Отец нёс на плече плуг и вёл за собой вола. На лице у него сверкнула холодная, как лёд, усмешка:

— Пусть пишет, что хочет. Способный паренёк, на рисунках у него всё как в жизни.

Взгляды собравшихся обратились на нас, и все со значением усмехнулись. Факты говорят больше, чем слова: вол у нас величественный как гора, наши синие лики сверкают, мы в хорошем настроении, довольные тем, как успешно потрудились.

Цзиньлун в сторонке любовался своим шедевром и наблюдал за зрителями. Ху Чжу стояла, опершись на дверной косяк, жевала кончик косы и издали смотрела на Цзиньлуна. Смотрела так пристально и увлечённо, что было ясно: любовь взыграла не на шутку. С западного края деревни приближалась моя сестра Баофэн. На плече у неё висела кожаная сумка с лекарствами и нарисованным на ней красным крестом. Она научилась по-новому принимать роды, делать уколы, стала профессиональным деревенским медработником. С востока примчалась на велосипеде Хэцзо. Велосипед вихлял под ней во все стороны, было видно, что она только научилась ездить и ещё не умела управлять им как следует. Увидев Цзиньлуна, который стоял, прислонившись к низкой ограде, она закричала: «Ой, худо дело, худо» и наехала колесом прямо на него. Отступив немного, Цзиньлун вцепился в колесо и одновременно ухватился за руль велосипеда, так что Хэцзо только что не упала к нему в объятия.

Хучжу мотнула головой, так что коса аж взлетела, покраснела и, повернувшись, бросилась в дом. Сердце заныло от переживания за Хучжу и от ненависти к Хэцзо. Эта постриглась под мальчика и сделала небольшой пробор. Тогда среди учениц средней школы пошла мода так стричься, и стриг их учитель по имени Ма Лянцай. Он прекрасно играл в настольный теннис и на губной гармошке, щеголял в когда-то синей, а теперь застиранной добела форме. От этого типа с густыми волосами, лаково-чёрными глазами и угреватым лицом всегда шёл свежий запах мыла, и он положил глаз на Баофэн. Нередко он приносил в деревню духовое ружьё и стрелял птиц. Только поднимет ружьё — и пожалуйста, птица уже на земле. Деревенские воробьи, завидев его, разлетались кто куда. Амбулатория производственной бригады располагалась с восточной стороны бывшей усадьбы Симэнь: когда бы там ни появлялся этот молодец, от которого разило мылом, он всегда был под надзором членов нашей семьи. А если не нашей, то семьи Хуан. Он завёл знакомство с сестрой, стараясь расположить её к себе, но она лишь хмуро откликалась двумя-тремя фразами, стараясь не выказать неприязни.
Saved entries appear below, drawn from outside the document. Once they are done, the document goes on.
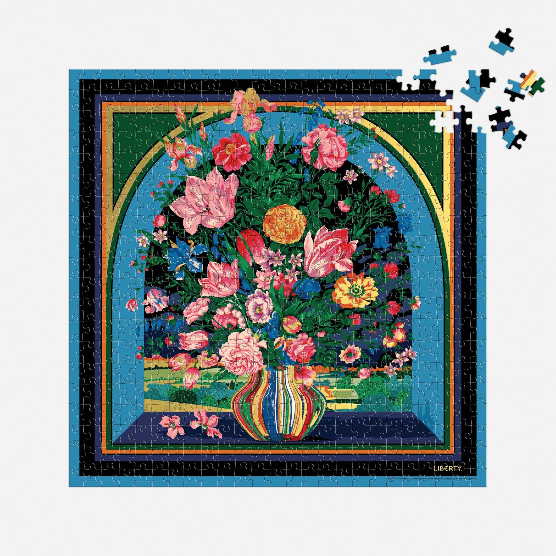 The Liberty Vista 500 Piece Book Puzzle features Liberty’s Vista print, a hand painted scene depicting a view through a window with a floral bouquet at the center. This book shaped keepsake box with magnetic closure features Liberty’s Heirloom print, a dense and rich botanical illustration reworked from a Liberty archive painting, full of chrysanthemums, marguerites, tulips and daffodils.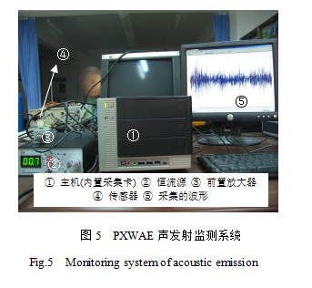聲發射采用PXWAE檢測系統,見圖5。該系統由主機(內置采集卡,最高采樣速度為20MHz)、恒流源、前置放大器、聲發射傳感器組成。實驗時采樣率為1M,采用的聲發射傳感器探頭靈敏度為150kHz。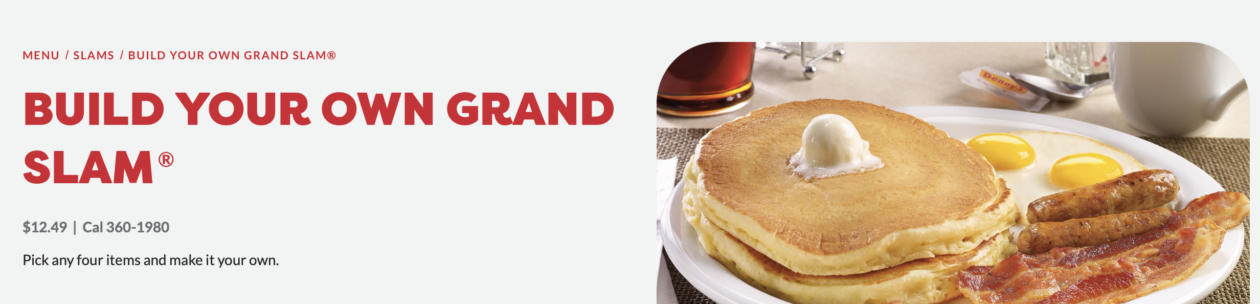 Find Military Discounts →The “Build Your Own Grand Slam” lets you choose any four of the following menu items: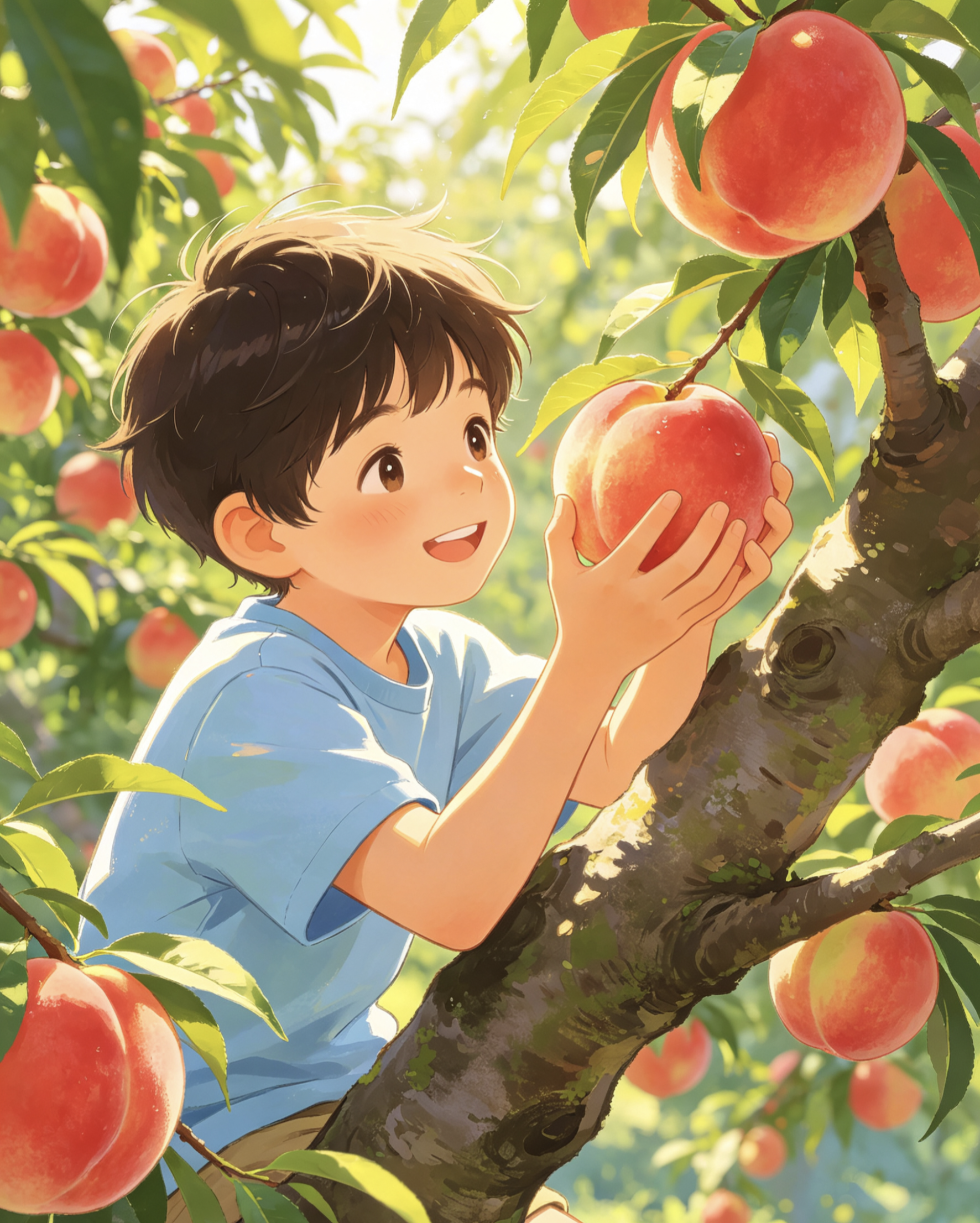 【诗画旅途】桃月溯溪行 温州市龙湾区第一小学龙祥校区 五(2)班 陈可 指导师:欧美 那个八月的清晨,阳光像融化的蜜糖,洒满通往海珍阿姨家的乡间小路。汽车驶过最后一道山梁,忽然,整片山谷扑进眼帘。那不是想象中的绿,而是一种沸腾的、欢唱的绿,在每一片桃叶上跳跃。 “看!咱们的桃园!”海珍阿姨站在路口招手,身后的桃树弯着腰,枝头坠满红扑扑的果实,每个桃子都像一盏小灯笼,把夏天的甜密写在脸上。 我冲进桃林,立刻被果香包围。那香气不是单一的味道,而是青草的清冽、桃子的蜜甜、泥土的醇厚交织成的网,网住了整个童年暑假。表哥已经爬上最高的那棵树,大喊:“这个比你的手还大!”他摘下的桃子确实惊人,粉红的尖儿,淡黄的身子,绒毛在阳光下闪着银光,放在掌心沉甸甸的,果真比我的手掌还要大上一圈。 但真正的魔法发生在夜晚。 夜幕如蓝丝绒般垂下时,海珍阿姨递给我们手电筒和抄网:“走,带你们找溪里的星星去!”溪水在黑暗中叮咚作响,手电光柱劈开夜色,照见一个完全不同的世界。水底的石头上,小鱼小虾竟然真的像坠落的星星,在手电照射下反射出银亮的光。它们一动不动,仿佛被光催眠了。 “快!”爸爸低声催促。我屏住呼吸,将抄网缓缓探入水中。在网兜触底的那一刻猛地一舀,水花四溅中,三四条透明的小鱼和数只小虾在网里蹦跳,每一只都像是用水晶雕成的艺术品。小虾的触须比头发还细,小鱼的眼睛是两个极小的黑点,透过它们近乎透明的身体,能看见月光在流动。 最难忘的是烹饪的时刻。灶膛里的火苗舔着锅底,油在铁锅里唱起滋滋的歌。妈妈将裹了薄薄面粉的鱼虾滑入油锅,瞬间爆发出惊人的香气,那是山野最直接的馈赠,混合着溪水的清甜和桃木柴火的焦香。金黄色的油炸鱼虾出锅时,整个厨房都明亮起来。 咬下去的刹那,先是极致的酥脆,然后是难以置信的鲜甜。小虾在齿间轻轻爆开,小鱼则化作满口春风。窗外,桃林在夜风中沙沙作响,仿佛也在分享我们的盛宴。 那个夜晚,我枕着溪声入眠时忽然明白:最美的风景不是看了多少奇观,而是在溪水的凉意漫过脚踝时,在油锅的香气弥漫灶间时,在桃子的汁水顺着嘴角流下时,我们真正地活着,与天地万物共享着同一个甜蜜的呼吸。

Я знал, что сестра влюблена в «ревущего осла», но тот вскоре уехал вместе с отрядом по проведению «четырёх чисток» и, ни слуху ни духу, скрылся как хорёк в чаще леса. Мать понимала, что этот брак обречён, расстроенно вздыхала и с глубоким чувством наставляла сестру:

— Ах, Баофэн, мама всё понимает, что у тебя на душе, но разве это возможно? Он из уездного города, в университете учится, и талантливый, и видный, его ждёт блестящее будущее, разве можешь ты такому приглянуться? Послушай мать, выбрось из головы эти мысли, не стоит заноситься слишком высоко. Учителю Ма государство платит, он казённый хлеб ест, мужчина представительный, грамотный и музыкальный, да ещё стрелок хоть куда, одного такого на сотню не встретишь. Если он к тебе сам подъезжает, чего думать-то? Соглашайся скорее — только глянь, какими глазами сёстры Хуан на него смотрят. Коли мясо у рта, хватать надо. Не ухватишь, другие сцапают…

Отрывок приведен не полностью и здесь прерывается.